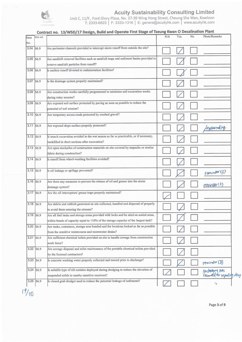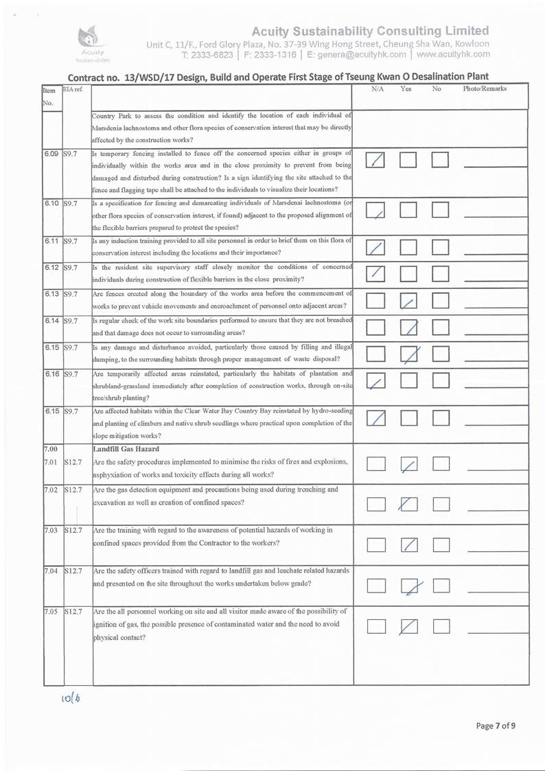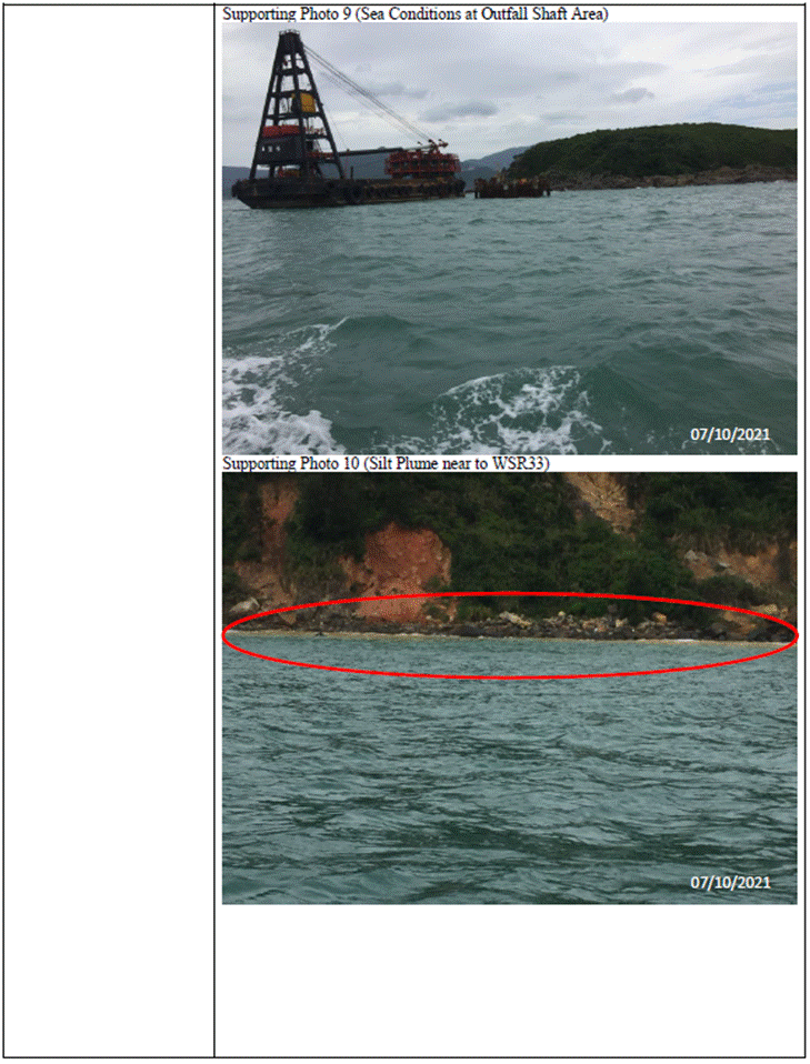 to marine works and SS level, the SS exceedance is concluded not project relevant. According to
==
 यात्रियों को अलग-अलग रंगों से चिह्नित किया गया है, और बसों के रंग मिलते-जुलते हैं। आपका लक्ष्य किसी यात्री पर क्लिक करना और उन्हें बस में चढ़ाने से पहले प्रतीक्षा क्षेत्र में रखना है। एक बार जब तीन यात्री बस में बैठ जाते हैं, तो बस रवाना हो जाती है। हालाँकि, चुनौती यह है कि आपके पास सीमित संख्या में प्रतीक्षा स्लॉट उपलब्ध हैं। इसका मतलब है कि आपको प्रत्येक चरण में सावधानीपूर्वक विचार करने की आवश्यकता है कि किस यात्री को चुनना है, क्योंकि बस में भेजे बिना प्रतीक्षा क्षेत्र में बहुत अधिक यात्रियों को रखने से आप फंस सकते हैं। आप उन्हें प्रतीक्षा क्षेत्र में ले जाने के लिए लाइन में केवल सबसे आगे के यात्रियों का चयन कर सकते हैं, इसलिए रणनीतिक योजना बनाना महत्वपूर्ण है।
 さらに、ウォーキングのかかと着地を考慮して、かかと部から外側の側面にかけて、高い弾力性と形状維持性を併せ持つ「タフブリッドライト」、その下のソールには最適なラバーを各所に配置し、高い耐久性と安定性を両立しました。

## WHAT NEEDS TO BE DONE
Look above for the line with "यात्रियों को अलग-अलग" and the line with "さらに、ウォーキングのかかと". Write out those two lines and all the lines between them, exactly, and no others.

## ANSWER
 यात्रियों को अलग-अलग रंगों से चिह्नित किया गया है, और बसों के रंग मिलते-जुलते हैं। आपका लक्ष्य किसी यात्री पर क्लिक करना और उन्हें बस में चढ़ाने से पहले प्रतीक्षा क्षेत्र में रखना है। एक बार जब तीन यात्री बस में बैठ जाते हैं, तो बस रवाना हो जाती है। हालाँकि, चुनौती यह है कि आपके पास सीमित संख्या में प्रतीक्षा स्लॉट उपलब्ध हैं। इसका मतलब है कि आपको प्रत्येक चरण में सावधानीपूर्वक विचार करने की आवश्यकता है कि किस यात्री को चुनना है, क्योंकि बस में भेजे बिना प्रतीक्षा क्षेत्र में बहुत अधिक यात्रियों को रखने से आप फंस सकते हैं। आप उन्हें प्रतीक्षा क्षेत्र में ले जाने के लिए लाइन में केवल सबसे आगे के यात्रियों का चयन कर सकते हैं, इसलिए रणनीतिक योजना बनाना महत्वपूर्ण है।
 さらに、ウォーキングのかかと着地を考慮して、かかと部から外側の側面にかけて、高い弾力性と形状維持性を併せ持つ「タフブリッドライト」、その下のソールには最適なラバーを各所に配置し、高い耐久性と安定性を両立しました。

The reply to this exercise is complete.